What I have done is make release an orphan branch that shares no history with master (created with git checkout --orphan). To cut a release, I check out release, then I get the tree from the commit I want to release and put that in a new commit on release. Obviously with this scheme I need to manually record the commit ID somewhere to be able to know what state of master a particular release corresponded to – there is no longer merge metadata to keep track of that. The commit message seems a natural place to record that information. I need to construct one in any case since Git does not know how to provide a default message for these commits like it does when merging a branch. Of course, the extended commit message is also a good place to put a list of commits that are hitching a ride on this release. I decided to put a release version (in my case, a simple incrementing integer) in the commit message subject as well, to make it easy to refer to a particular release.

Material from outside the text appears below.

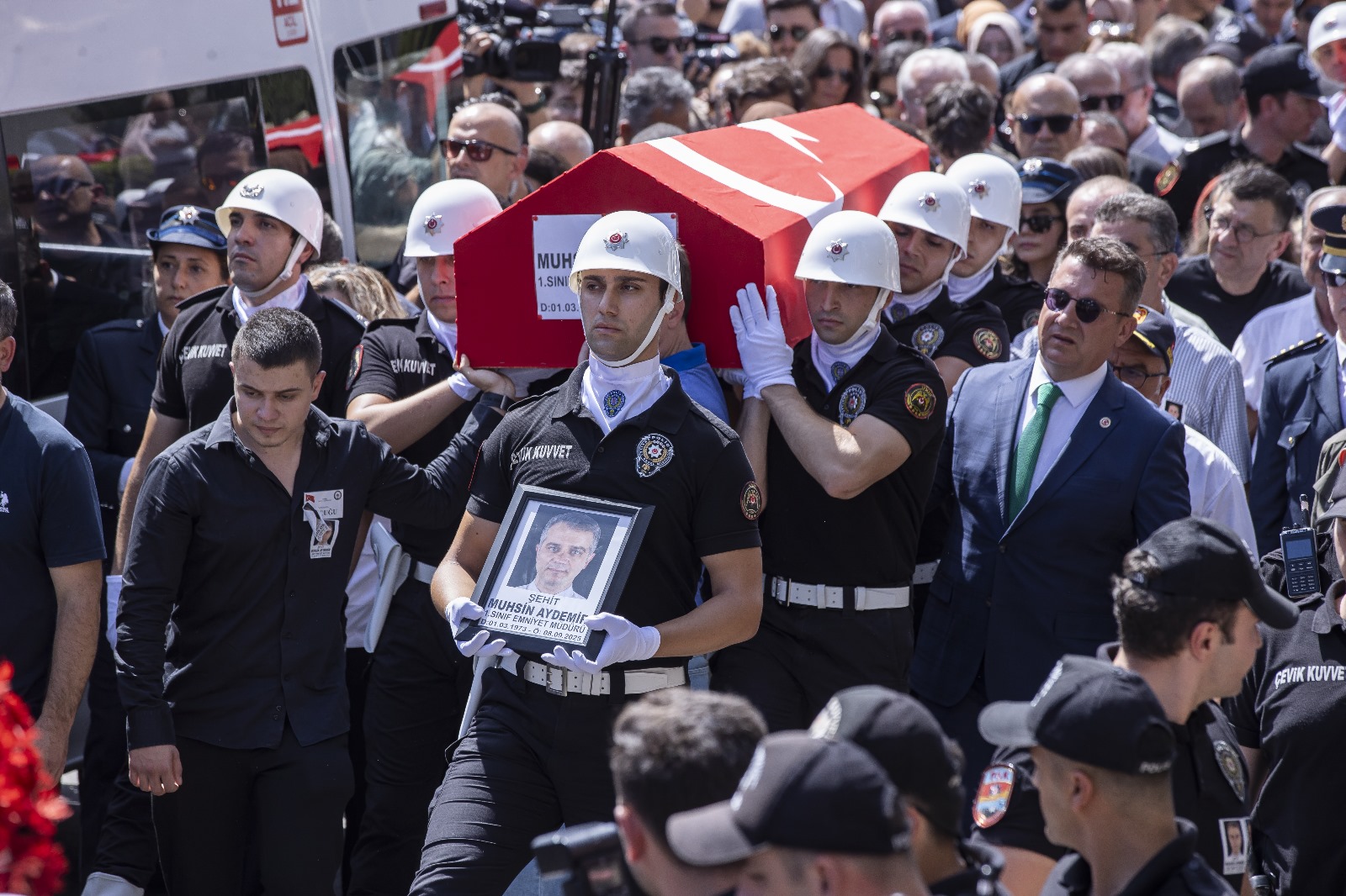 İzmir, kurtuluşunun 103’üncü yıldönümünde şehitlerini sonsuzluğa uğurladı. Balçova Salih İşgören Polis Merkezi’ne düzenlenen saldırıda şehit olan Birinci Sınıf Emniyet Müdürü Polis Başmüfettişi Muhsin Aydemir ile Polis Memuru Hasan Akın son yolculuğuna uğurlandı.
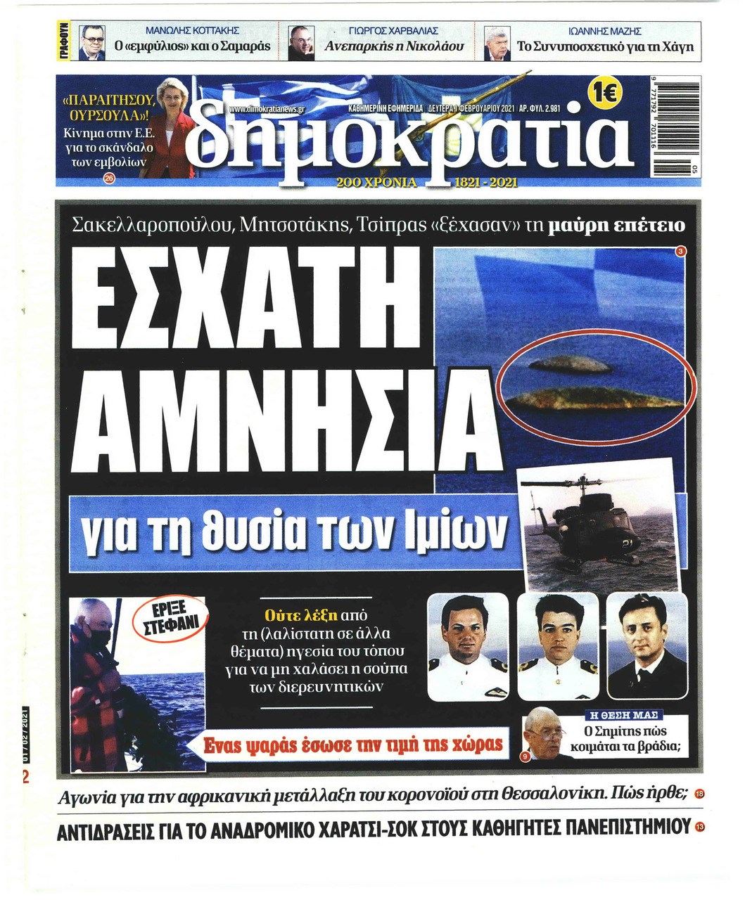 Διαβάστε τα πρωτοσέλιδα των πολιτικών εφημερίδων…

Needless to say, I have the process automated. This is my release script:

#!/bin/bash
set -e
commit=`git rev-parse "${1-master}"`
read num junk oldcommit <<<`git log --no-walk --format=%s release --`
(
  printf '%d @ %s\n\n' $((++num)) $commit
  git log --reverse --oneline --abbrev=12 --no-decorate --no-color $oldcommit..$commit
) \
| git commit-tree $commit^{tree} -p release \
| ( read new ; git update-ref refs/heads/release $new )
git push -f origin master release

Aside from the hard linkage by commit ID you also get a soft correlation by commit date if you ask git log and friends to use --date-order. This is sufficient for routine development work. Note that since the commit IDs are recorded, it is possible to use grafts to retrospectively (possibly temporarily) make the orphan release branch seem as though a mergeful branch.

A nice aspect of doing things this way is how easy it is to get a full diff of the total change represented by a release. With a merge-based release branch it takes fiddling to ask for that diff and enough knowledge to know how to.

And so I seem to have arrived at a poor (technically awkward, functionally very limited) reinvention of Mercurial’s named branches, using the plumbing provided by Git. This may be the only true use case for named branches that I can think of.

Update: I’ve rewritten the script to use lower-level plumbing. It no longer even checks out the tree, it just directly creates a commit object based on the tree object of the released commit.